也就是说如果顺序的读取16K*4(xtrabackup读取redo的大小)大小的redo block,那么可能在某一时刻读取到的信息里面,可能出现3种不同的情况,
当前redo no比下一个redo block no 要大,一般都是这种情况,这可能是读取到了上一次写入的redo 当前redo no比下一个redo block no 要远远小于时,每次lsn 达到512G重置redo block no的时候会遇到 当前redo no比下一个redo block no 小1,这是正常情况。
六、Xtrabackup中的BUG
percona 在8035修复了这个BUG,这个BUG就是和前面的分析有关系,分析Xtrabackup 8034的代码,大概方式是每次读取16K*4的redo block,然后进行校验,每次校验分析一个redo block,通过下一个block no的lsn计算出预期的redo block no和读取到redo block header的block no进行比对,理论上他们应该是一致的,但是如果,
预期的redo no大于 redo block no :则代表扫描的是old block,则本次扫描完成。

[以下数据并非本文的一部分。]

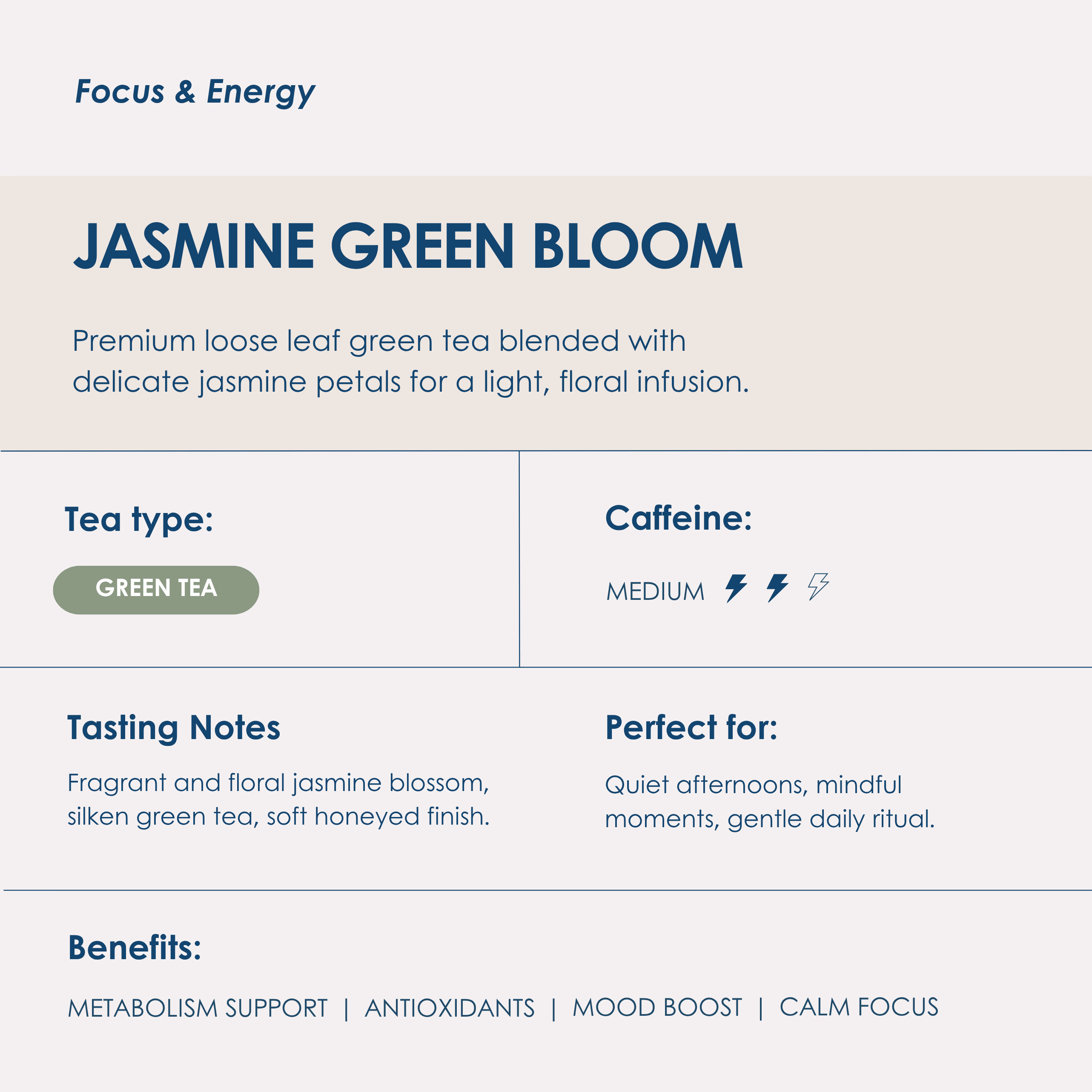 - Supports calm focus and gentle, sustained energy

如下,
if (block_header.m_hdr_no != expected_hdr_no && checksum_is_ok) {
* old log block, do nothing */
if (block_header.m_hdr_no < expected_hdr_no) {
*finished = true;
break;
}
xb::error() << "log block numbers mismatch:";
xb::error() << "expected log block no. " << expected_hdr_no
<< ", but got no. " << block_header.m_hdr_no
<< " from the log file.";
return (-1);
}
预期的redo no远远小于redo block no :并没有处理,这可能是lsn推进了一个512G周期,redo block no重置了, 这这也是本BUG的根本问题。

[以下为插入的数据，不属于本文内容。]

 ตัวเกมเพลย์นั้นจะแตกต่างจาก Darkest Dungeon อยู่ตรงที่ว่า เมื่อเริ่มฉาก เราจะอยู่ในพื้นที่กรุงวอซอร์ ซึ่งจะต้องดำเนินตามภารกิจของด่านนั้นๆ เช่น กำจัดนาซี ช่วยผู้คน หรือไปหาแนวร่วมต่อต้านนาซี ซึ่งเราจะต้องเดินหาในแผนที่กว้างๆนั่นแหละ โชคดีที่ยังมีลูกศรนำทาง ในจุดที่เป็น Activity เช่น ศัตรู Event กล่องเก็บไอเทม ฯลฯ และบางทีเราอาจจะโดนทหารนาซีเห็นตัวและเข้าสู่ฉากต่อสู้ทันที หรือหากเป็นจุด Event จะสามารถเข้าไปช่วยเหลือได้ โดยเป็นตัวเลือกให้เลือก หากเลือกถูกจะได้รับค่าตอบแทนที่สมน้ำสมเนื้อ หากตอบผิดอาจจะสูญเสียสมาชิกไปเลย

BUG如下, https://jira.percona.com/browse/PXB-3168
我们分析一下日志中的预期的redo no为2281182,但是实际读取到的redo no为1069731678,刚好1069731678块达到了1073741824的临界值,redo no可能重置了,而(2281182+1073741824 - 1069731678)*512 为3G 左右,也就是说参数innodb_redo_log_capacity的大小大概为3G.

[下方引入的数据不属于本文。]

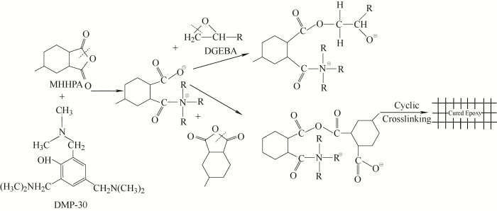常见的酸酐固化剂可分为芳香族酸酐、脂环族酸酐、脂肪族酸酐等,其中甲基六氢邻苯二甲酸酐(Methyl hexahydrophthalic anhydride, MHHPA)是电工领域常用的脂环族酸酐固化剂。它具有熔点低、相容性好、黏度低、适用期长、固化物耐热性高、高温绝缘性能优异,常用于电气设备绝缘芯子的浸渍、支撑部件的浇注和功率器件的密封等场景[36]。

这个问题如果等到innodb_redo_log_capacity参数设置的3G redo 日志被重置后的redo no全部填充后,备份又可以正常继续执行,也就是说每512G redo日志生成后在innodb_redo_log_capacity参数设置大小redo填充的时间内备份可能遇到这个BUG。
七、后记
从这个问题来讲,是8030引入的新的redo设计,而xtrabackup没有完全跟上导致的问题,因此在数据库引入新的重要功能,并且这个功能会设计到一些核心组件的更改,那么我们一般需要持观望态度,延后几个版本再使用,这个时候可能BUG都修复得差不多了,其配套的软件也修复得差不多了。其次对于数据库中那些很少用的功能,虽然经历了不少版本迭代,但是由于使用较少,因此BUG可能发现不了,我们同样要少用,这也是我和几位朋友聊天大家都经常提起的问题。

八、代码备份
读取redo block header no的小程序
#include <stdio.h>
#include <stdint.h>
#include <stdlib.h>
#include <unistd.h>
#include <fcntl.h>
#define CHUNK_SIZE 512
typedef unsigned char byte;
uint32_t LOG_BLOCK_FLUSH_BIT_MASK = 0x80000000UL;
uint32_t mach_read_from_4(const byte *b) {
return (((uint32_t)(b[0]) << 24) | ((uint32_t)(b[1]) << 16) | ((uint32_t)(b[2]) << 8) |
(uint32_t)(b[3]));
}
void process_chunk(const uint8_t* chunk) {
if (chunk == NULL) return;
小端序读取4字节并转为uint32
uint32_t value = mach_read_from_4(chunk);
使用位掩码清除最高位(保留低30位)
uint32_t masked_value = value & ~LOG_BLOCK_FLUSH_BIT_MASK;
printf("redo no: %u \n", value, masked_value);
}
int main(int argc, char** argv) {
if (argc != 2) {
fprintf(stderr, "用法: %s <文件名>\n", argv[0]);
return EXIT_FAILURE;
}
int fd = open(argv[1], O_RDONLY);
if (fd == -1) {
perror("文件打开失败");
return EXIT_FAILURE;
}
uint8_t buffer[CHUNK_SIZE];
ssize_t bytes_read;
while ((bytes_read = read(fd, buffer, sizeof(buffer))) > 0) {
off_t offset = lseek(fd, 0, SEEK_CUR);
printf("Current offset (decimal): %ld :", (long)offset);
if (bytes_read >= 4) {
process_chunk(buffer);
}
}
if (bytes_read == -1) {
perror("读取文件错误");
close(fd);
return EXIT_FAILURE;
}
close(fd);
return EXIT_SUCCESS;
}
xtrabackup 8034 BUG
Redo_Log_Data_Manager::copy_once
-> start_lsn = reader.get_contiguous_lsn();
读取的lsn last read lsn
-> archive_reader.seek_logfile(start_lsn)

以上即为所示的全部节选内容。